To pass on the love of life.
Nice Right? BUT:
I generally stay out of "cultural appropriation" themed posts (aside from mascots cuz that just pisses me off) and leave them up to Adrienne over at Native Appropriations but this one is just TOO good to ignore, the discussion over there has been brutal. Why all the fuss? Well just LOOK at this screen shot Adrienne got from the Yay Life Tribe's documentary:
Just looking at this picture made me want to punch this guy in the face. I mean WHAT?? Look at this guy!! Ahhhh hahahahhahahaha. Ok ok, lemme catch my breath and I'll break it down for you:
This is Zimmerman- I'm Tucker's partner at the Yay Life Tribe- I'm the winged Panda you have featured in the image at the top of your post here. This appears to be self-deprecating humor, I like it.
There are a lot of feelings that are stirred in me by this post but I think first and foremost the most important one to express at this moment is a feeling genuine mutual respect. We're not out to offend anybody and we certainly have no interest in exploiting any culture or beliefs for personal or financial gain.
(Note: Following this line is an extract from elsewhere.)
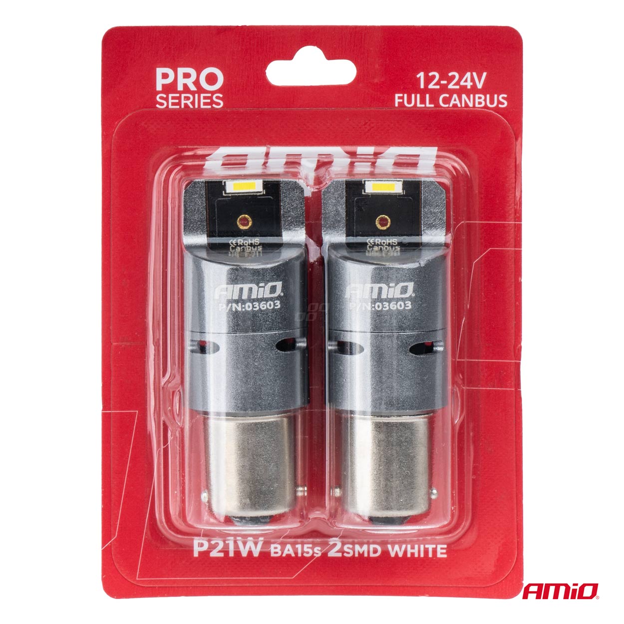ΛΑΜΠΕΣ P21W BA15S 12/24V 6.000K 2xSMD LED FULL CAN-BUS (ΜΕ ΑΝΕΜΙΣΤΗΡΑΚΙ) ΛΕΥΚΟ PRO SERIES AMIO - 2 ΤΕΜ.
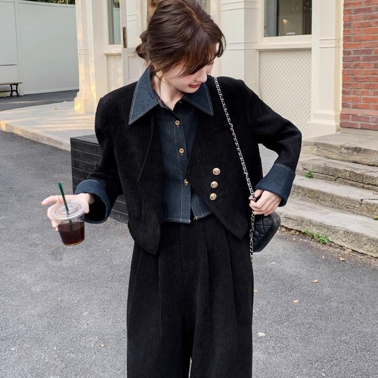 高級感 レディース セットアップ レトロ ジャケット+ワイドパンツ 2点セット 秋服 フェイクレイヤード アウター/ストレートパンツ 上下セット

So let me expression our deepest regret that our expression have offended you. Note that he isn't sorry for causing the offense, but he is sorry that we are so sensitive as to have been offended by his harmless artistic expression.
Issues of racial inequality and cultural exploitation can be really sensitive subjects for people and to wit one can never really know who one is talking to or what experiences that person carries with them that have lead them to feel a certain way. Interpretation: You're only angry because your life experience has turned you into an angry person. Not because I did something wrong.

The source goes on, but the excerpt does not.